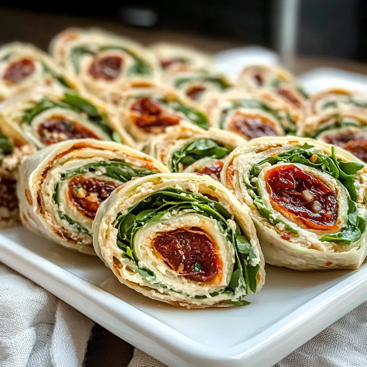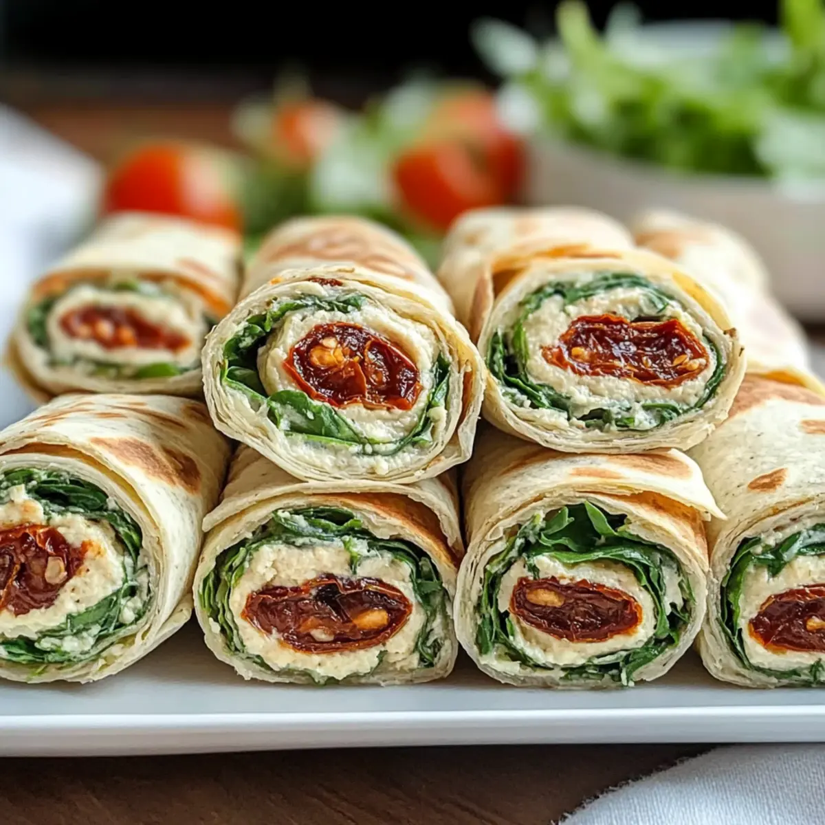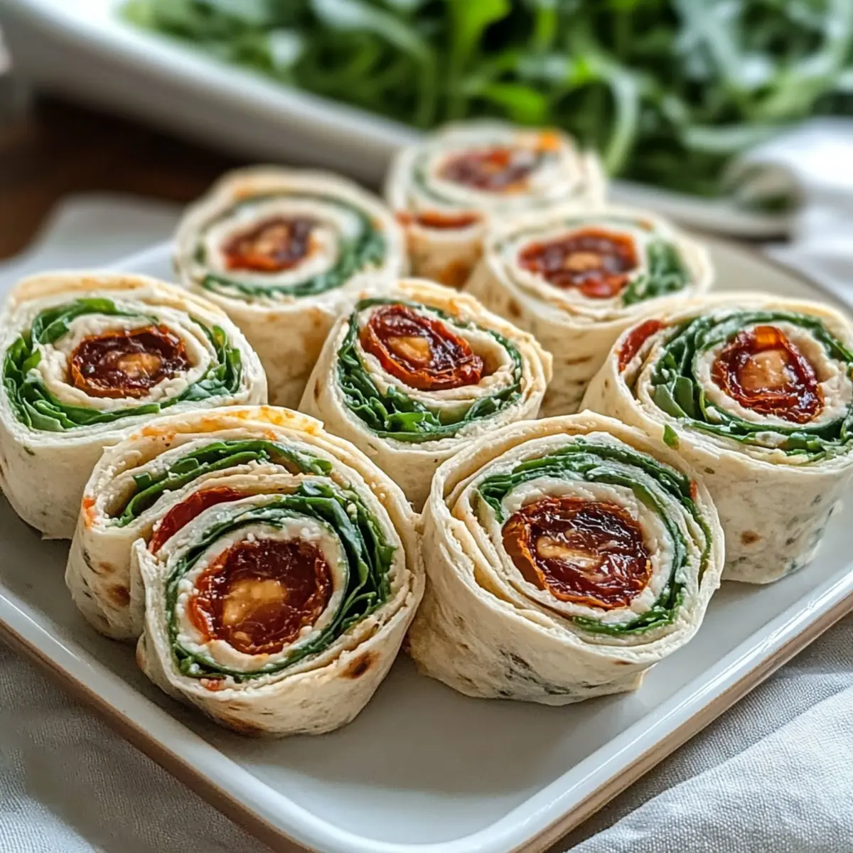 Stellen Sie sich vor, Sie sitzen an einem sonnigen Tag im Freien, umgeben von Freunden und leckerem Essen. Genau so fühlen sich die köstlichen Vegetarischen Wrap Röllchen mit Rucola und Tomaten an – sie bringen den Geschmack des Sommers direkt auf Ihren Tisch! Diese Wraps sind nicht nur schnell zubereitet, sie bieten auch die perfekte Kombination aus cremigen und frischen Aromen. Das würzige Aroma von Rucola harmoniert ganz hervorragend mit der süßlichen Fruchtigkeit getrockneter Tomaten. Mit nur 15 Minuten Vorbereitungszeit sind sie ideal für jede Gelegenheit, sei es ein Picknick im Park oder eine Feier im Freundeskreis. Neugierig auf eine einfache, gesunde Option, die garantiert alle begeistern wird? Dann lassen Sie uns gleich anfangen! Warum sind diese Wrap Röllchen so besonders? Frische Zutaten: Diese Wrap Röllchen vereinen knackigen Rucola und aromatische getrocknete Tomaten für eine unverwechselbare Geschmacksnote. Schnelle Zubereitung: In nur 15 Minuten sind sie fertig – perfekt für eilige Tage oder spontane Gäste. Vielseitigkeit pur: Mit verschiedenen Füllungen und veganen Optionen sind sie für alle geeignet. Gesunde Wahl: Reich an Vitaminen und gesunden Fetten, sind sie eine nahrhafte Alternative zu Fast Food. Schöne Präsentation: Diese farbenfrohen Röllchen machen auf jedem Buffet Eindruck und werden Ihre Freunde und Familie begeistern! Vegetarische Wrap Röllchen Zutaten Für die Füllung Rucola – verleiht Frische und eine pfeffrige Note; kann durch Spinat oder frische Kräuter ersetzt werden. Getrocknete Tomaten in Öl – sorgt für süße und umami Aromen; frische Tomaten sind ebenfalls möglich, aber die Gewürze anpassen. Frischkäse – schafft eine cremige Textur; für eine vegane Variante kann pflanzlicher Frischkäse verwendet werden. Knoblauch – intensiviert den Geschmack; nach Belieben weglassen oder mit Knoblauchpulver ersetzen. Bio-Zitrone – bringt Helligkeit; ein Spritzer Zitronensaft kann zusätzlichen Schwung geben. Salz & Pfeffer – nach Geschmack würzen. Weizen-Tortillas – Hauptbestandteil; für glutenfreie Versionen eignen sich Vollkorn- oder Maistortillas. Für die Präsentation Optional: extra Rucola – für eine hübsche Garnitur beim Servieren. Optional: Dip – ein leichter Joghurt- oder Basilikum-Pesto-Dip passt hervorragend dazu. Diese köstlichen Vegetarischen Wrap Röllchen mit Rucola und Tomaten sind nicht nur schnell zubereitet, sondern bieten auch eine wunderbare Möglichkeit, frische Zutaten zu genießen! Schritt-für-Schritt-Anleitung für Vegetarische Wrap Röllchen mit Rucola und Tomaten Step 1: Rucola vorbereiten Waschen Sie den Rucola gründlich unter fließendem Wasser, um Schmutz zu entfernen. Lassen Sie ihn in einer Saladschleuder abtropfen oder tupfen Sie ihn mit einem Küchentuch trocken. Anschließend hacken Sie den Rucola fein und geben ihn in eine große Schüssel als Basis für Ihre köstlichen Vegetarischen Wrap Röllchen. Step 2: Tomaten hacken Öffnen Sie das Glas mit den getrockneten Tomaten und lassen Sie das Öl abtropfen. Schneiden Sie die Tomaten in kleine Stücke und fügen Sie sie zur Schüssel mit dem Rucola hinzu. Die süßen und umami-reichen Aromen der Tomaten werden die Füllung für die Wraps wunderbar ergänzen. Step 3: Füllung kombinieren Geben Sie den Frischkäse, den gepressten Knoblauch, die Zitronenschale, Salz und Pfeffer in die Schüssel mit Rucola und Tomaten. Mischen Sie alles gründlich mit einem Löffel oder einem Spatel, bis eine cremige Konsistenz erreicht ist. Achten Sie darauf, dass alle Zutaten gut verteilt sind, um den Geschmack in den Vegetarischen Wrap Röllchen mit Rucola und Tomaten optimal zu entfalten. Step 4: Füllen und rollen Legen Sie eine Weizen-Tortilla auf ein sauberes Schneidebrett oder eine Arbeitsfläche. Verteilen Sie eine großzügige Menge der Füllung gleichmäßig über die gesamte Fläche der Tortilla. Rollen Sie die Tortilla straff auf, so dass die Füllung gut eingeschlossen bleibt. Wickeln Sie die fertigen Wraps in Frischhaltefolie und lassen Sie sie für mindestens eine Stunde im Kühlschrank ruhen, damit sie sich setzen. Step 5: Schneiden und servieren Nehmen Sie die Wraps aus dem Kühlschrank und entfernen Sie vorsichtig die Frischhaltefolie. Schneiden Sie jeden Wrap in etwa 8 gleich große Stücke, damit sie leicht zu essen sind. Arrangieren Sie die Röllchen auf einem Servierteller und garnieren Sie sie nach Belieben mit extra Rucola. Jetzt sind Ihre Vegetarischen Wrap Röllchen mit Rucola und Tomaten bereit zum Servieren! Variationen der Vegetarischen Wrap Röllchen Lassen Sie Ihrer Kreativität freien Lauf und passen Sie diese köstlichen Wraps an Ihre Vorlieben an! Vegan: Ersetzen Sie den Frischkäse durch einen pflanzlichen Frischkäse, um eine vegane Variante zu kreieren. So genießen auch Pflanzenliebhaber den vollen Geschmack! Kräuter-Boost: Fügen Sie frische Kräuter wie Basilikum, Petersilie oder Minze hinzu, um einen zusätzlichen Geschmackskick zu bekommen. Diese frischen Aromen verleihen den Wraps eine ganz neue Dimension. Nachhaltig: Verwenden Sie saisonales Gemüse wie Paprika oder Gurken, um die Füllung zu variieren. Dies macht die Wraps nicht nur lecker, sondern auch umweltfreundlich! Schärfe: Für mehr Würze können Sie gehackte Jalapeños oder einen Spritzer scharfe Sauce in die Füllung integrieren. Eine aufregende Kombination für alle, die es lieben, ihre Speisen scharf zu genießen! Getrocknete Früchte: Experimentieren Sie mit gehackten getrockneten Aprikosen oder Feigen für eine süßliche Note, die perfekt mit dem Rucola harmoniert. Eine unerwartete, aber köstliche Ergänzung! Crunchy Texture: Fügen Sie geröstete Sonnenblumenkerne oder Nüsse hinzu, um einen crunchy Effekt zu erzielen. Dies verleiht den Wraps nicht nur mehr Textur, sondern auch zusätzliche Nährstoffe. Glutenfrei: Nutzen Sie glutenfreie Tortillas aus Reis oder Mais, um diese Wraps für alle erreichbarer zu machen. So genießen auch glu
++++++++++
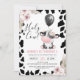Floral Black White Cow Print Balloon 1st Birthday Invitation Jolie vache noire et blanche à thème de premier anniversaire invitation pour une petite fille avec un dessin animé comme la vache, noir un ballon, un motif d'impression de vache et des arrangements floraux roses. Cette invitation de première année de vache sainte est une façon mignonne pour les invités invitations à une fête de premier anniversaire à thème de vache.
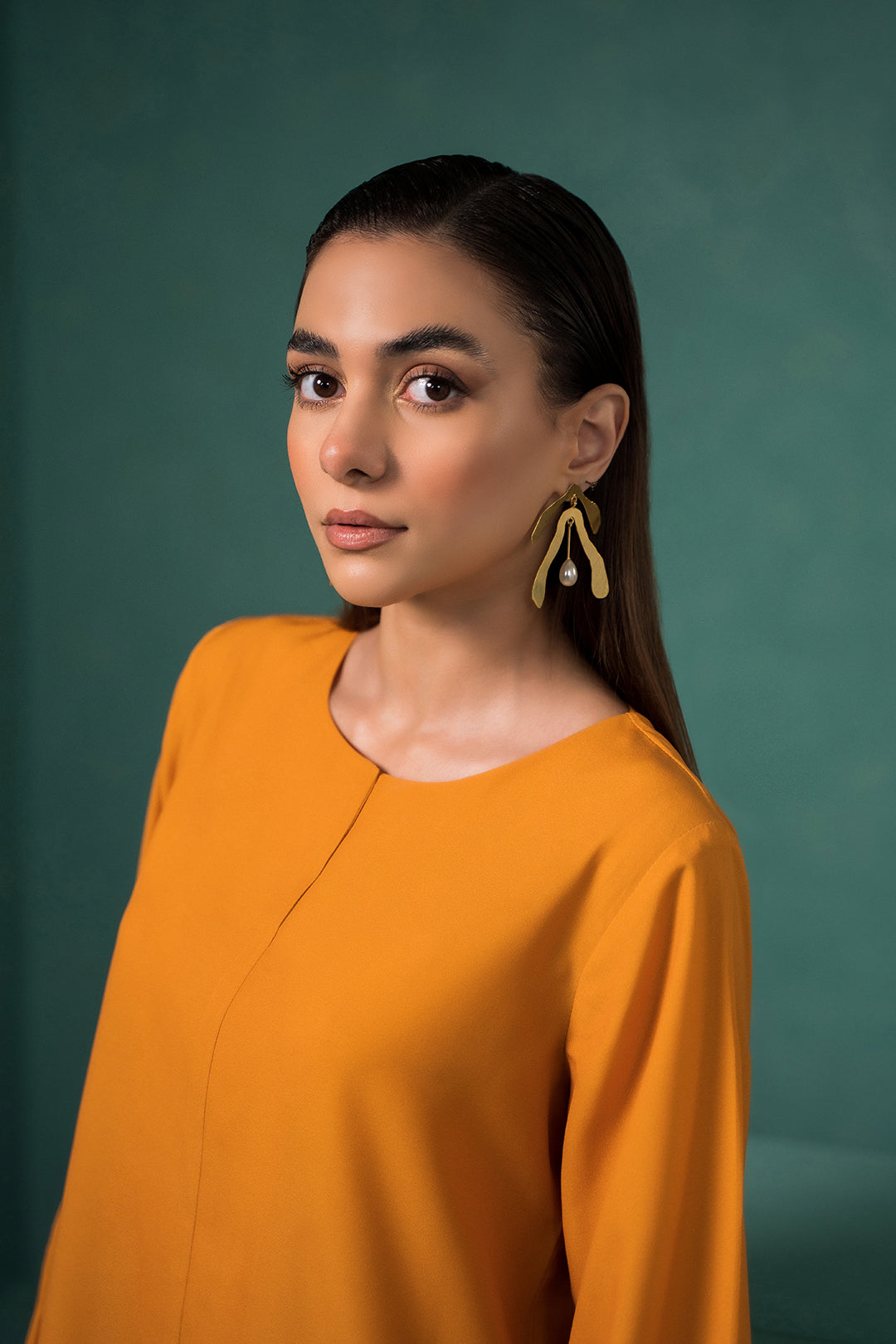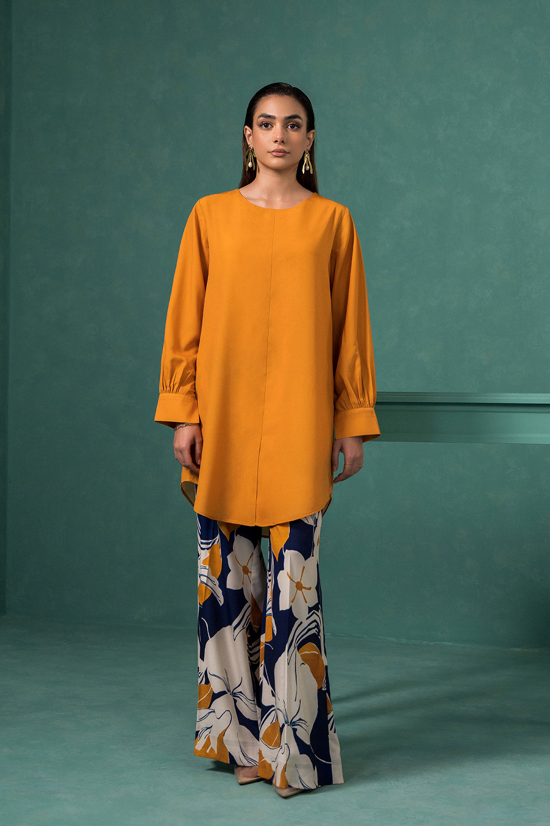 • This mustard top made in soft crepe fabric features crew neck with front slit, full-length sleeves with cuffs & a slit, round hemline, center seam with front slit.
++++++++++
> **Problem to work on**
Leave out every picture, and copy exactly the lines above starting at the one holding "Floral Black White" and ending at the one holding "with front slit.", no more and no less.

> **Exercise answer**
Floral Black White Cow Print Balloon 1st Birthday Invitation Jolie vache noire et blanche à thème de premier anniversaire invitation pour une petite fille avec un dessin animé comme la vache, noir un ballon, un motif d'impression de vache et des arrangements floraux roses. Cette invitation de première année de vache sainte est une façon mignonne pour les invités invitations à une fête de premier anniversaire à thème de vache.
 • This mustard top made in soft crepe fabric features crew neck with front slit, full-length sleeves with cuffs & a slit, round hemline, center seam with front slit.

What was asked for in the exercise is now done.